How to Say “Grandfather” in Chinese
Relationships and family · HSK 2
"Grandfather" in Chinese is 爷爷 (Yéye). Chinese distinguishes paternal and maternal grandparents; 爷爷 (yéye) is specifically your father's father. Your mother's father is 外公 (wàigōng) in Mainland/Taiwan, or 姥爷 (lǎoye) in northern China.
Primary translation
爷爷
Yéye
Traditional: 爺爺
Variants by register
Formal
祖父
Zǔfù
Casual
爷爷
Yéye
When to use it
Chinese distinguishes paternal and maternal grandparents; 爷爷 (yéye) is specifically your father's father. Your mother's father is 外公 (wàigōng) in Mainland/Taiwan, or 姥爷 (lǎoye) in northern China.
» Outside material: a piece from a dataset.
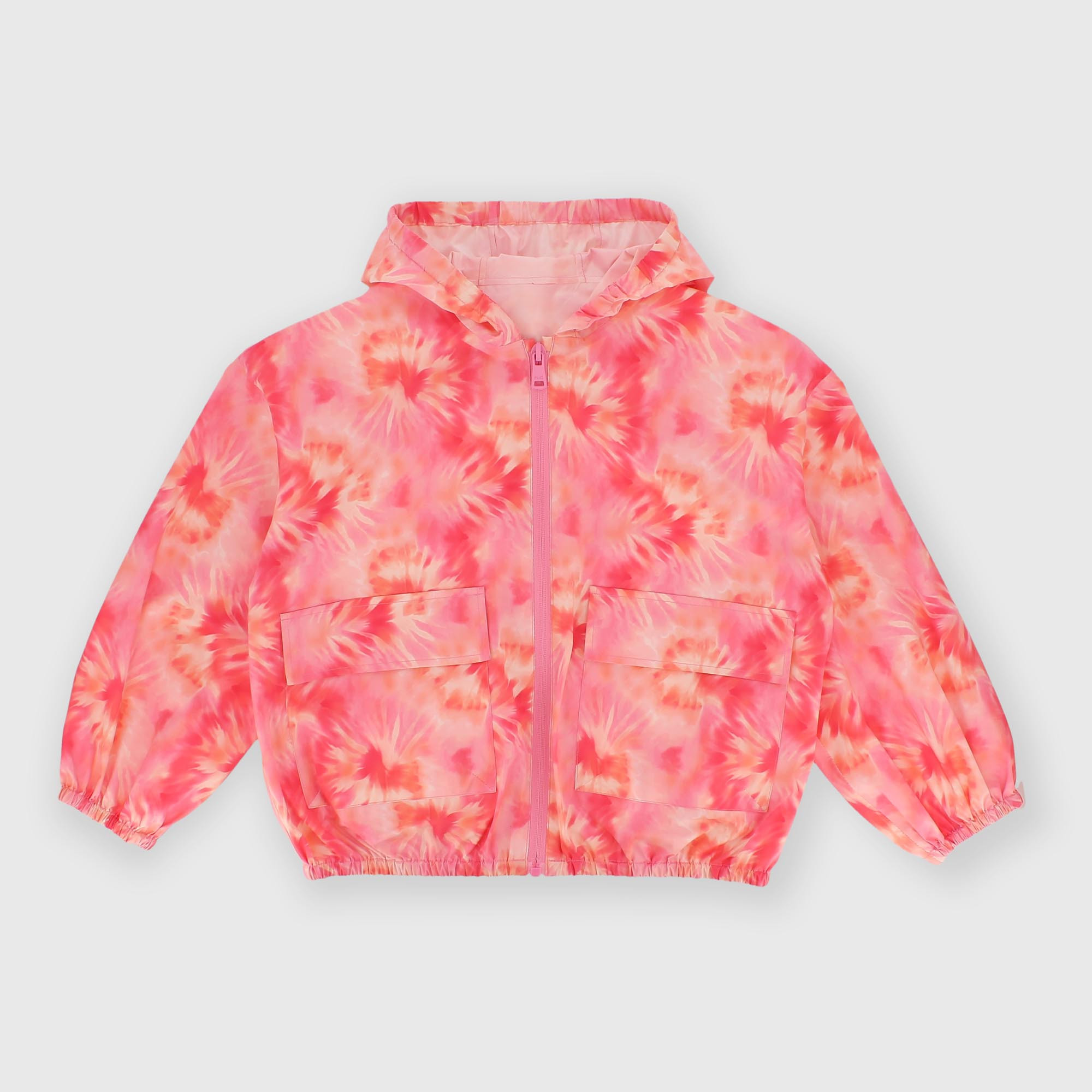 - Nylonová bunda s dlouhým rukávem a kapucí. Zapínání na zip vpředu. Kapsy s klopami. Celoplošný potisk. Elastická kapuce, manžety a lem.

This split reflects old patrilineal family structure where paternal grandparents were 'inside' the family and maternal ones had 外 ('outside') prefixed. 祖父 (zǔfù) is the formal written term; you'd see it on official forms but not call your grandpa that to his face. The second 爷 is usually toneless in speech. Kids often stack it: 爷爷好!
Example sentences
我爷爷今年八十岁了。
Wǒ yéye jīnnián bāshí suì le.
My grandfather is eighty this year.
爷爷,我回来了!
Yéye, wǒ huílái le!
Grandpa, I'm home!
爷爷奶奶住在乡下。
Yéye nǎinai zhù zài xiāngxià.
Grandpa and grandma live in the countryside.